Parte de ello fue también la nueva política de ‘uso progresivo de la fuerza’ y el súbito entusiasmo y admiración que comenzó a traslucir entre ciertos funcionarios por los episodios en que policías abatían a sospechosos. Todo este caótico cóctel de recetas demuestra que el gobierno simplemente no tiene claro, hasta ahora, quién es el enemigo. 

Los sospechosos de siempre

Los discursos de los candidatos giran alrededor de cuatro ejes. Todos los señalan, pero ninguno ofrece soluciones claras. 

El primero es la economía. Muy en línea con un discurso mundial imperante, la mayoría de candidatos coinciden en la falta de oportunidades, de atención del Estado y de crecimiento económico como una causa de violencia —poco importa que, en un sentido objetivo, Ecuador sea hoy mucho más próspero que, por ejemplo, en el siglo pasado, cuando era menos violento—. Si es que existiese un consenso nacional al respecto, la respuesta debería girar alrededor de infraestructura, generación de empleo y mejoramiento de servicios. 

El segundo es el discurso del gran enemigo interno.
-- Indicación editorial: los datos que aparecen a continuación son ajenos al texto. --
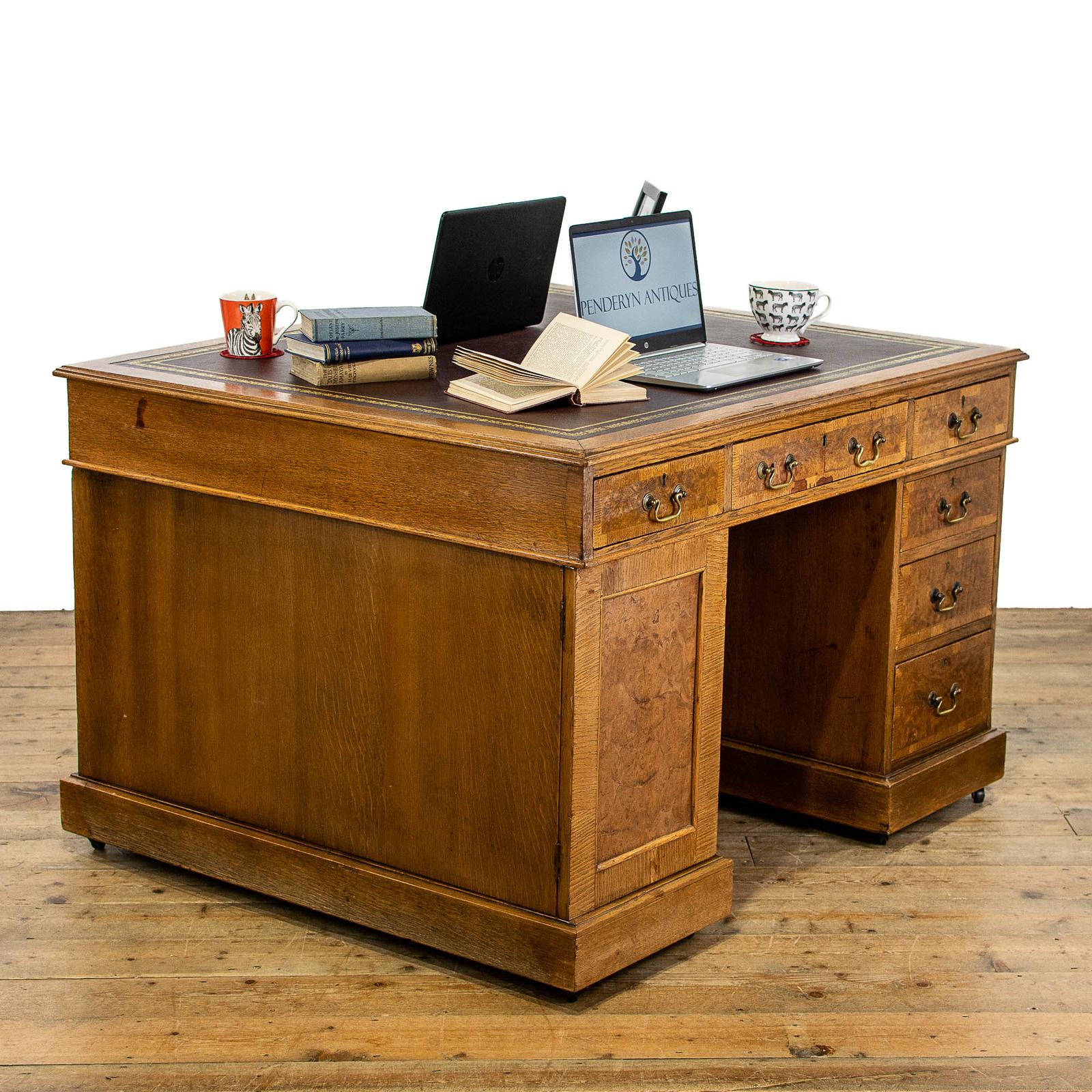 Antique Oak Twin Pedestal Partners Desk (1 of 17)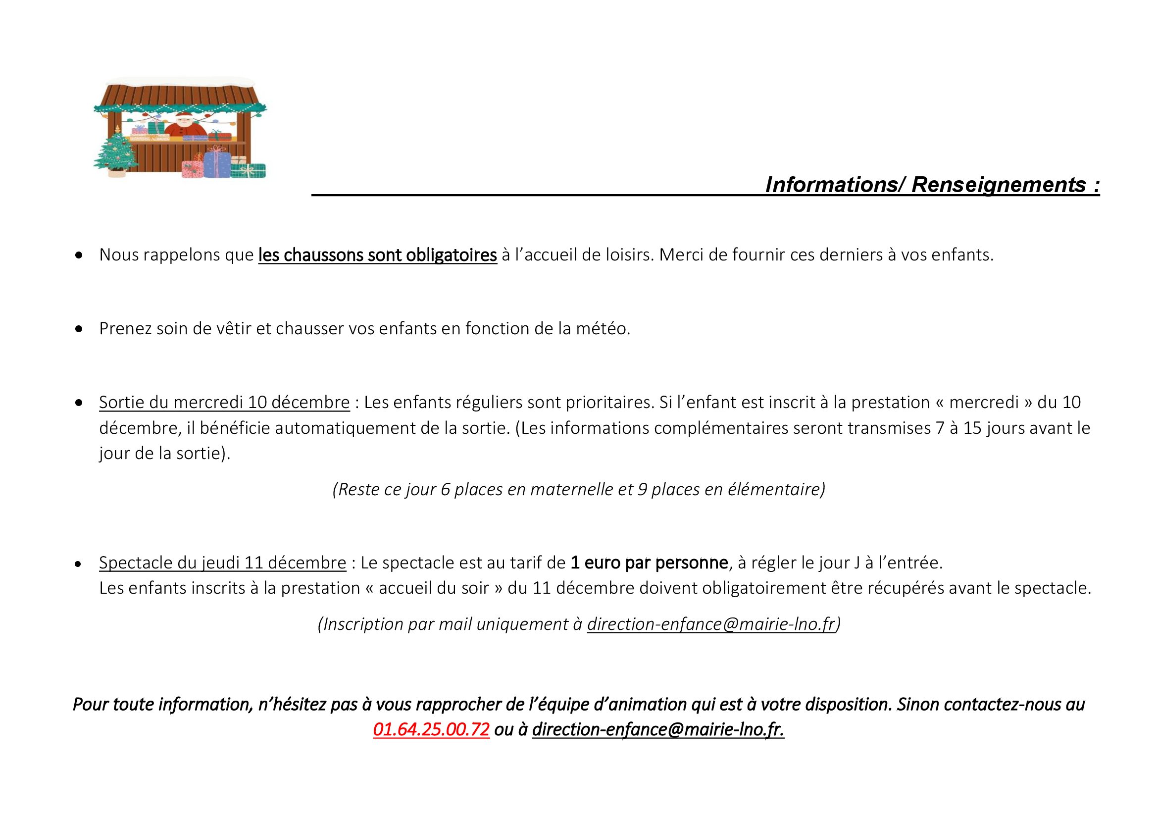 Planning des activités des mercredis de Novembre - Décembre 2025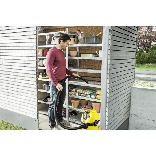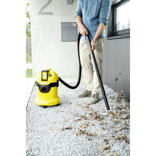 Aku vysavač WD 3 Battery Set zvládá suché i mokré vysávání i bez přívodu elektřiny. Navíc ho využijete i jako fukar na listí a další nečistoty. Energii zajišťuje 36V baterie Kärcher, která na praktickém LCD displeji díky Real Time Technology ukazuje svou zbývající kapacitu v minutách – provozní doba na jedno nabití je 15 minut. Baterie je navíc kompatibilní a využijete ji také v dalších aku strojích Kärcher platformy 36 V. Skvělé výsledky při úklidu zajistí kvalitní patronový filtr, který si poradí s nečistotami všeho druhu - ať už se chystáte na mokré či suché nečistoty, filtr není třeba měnit. S hubicí na podlahy důkladně vyčistíte terasu i dílnu, hůře dostupná místa pak vysajete pomocí štěrbinové hubice. Díky odnímatelné ergonomické rukojeti navíc příslušenství snadno připojíte přímo k hadici. Špína se hromadí v objemné 17l nádobě, kterou po úklidu lehce vyprázdníte díky systému "Pull & Push", která umožňuje rychlé a bezpečné otevírání a zavírání nádoby. A když je vše hotovo, hadici umístíte do parkovací pozice, příslušenství vsunete do stroje a vysavač snadno vměstnáte i do přeplněné garáže. Baterie a nabíječka jsou součástí balení.

Para quienes profesan este discurso, el problema son las ‘mafias’, a las que consideran un híbrido de grupos del crimen organizado con sectores políticos, y la violencia es un problema ‘entre bandas’. Sin embargo, las variables demográficas y de georreferenciación demuestran que la gran mayoría de víctimas de asesinato y extorsión son personas muy distantes a los grandes centros de poder económico y político que podrían interesar a ‘las mafias’, e, incluso con el sub-reporte, exhiben una verdadera generalización de la violencia, hasta por los motivos más insignificantes, en el país. 

Al contrario, comparado con El Salvador, México o Colombia durante los noventa, el impacto directo de la violencia que han sufrido los sectores política y económicamente poderosos del Ecuador es mínimo. Si esta narrativa se impone, sería justo esperar un clima de represión interna y paranoia como el que el continente ha visto en más de una ocasión. 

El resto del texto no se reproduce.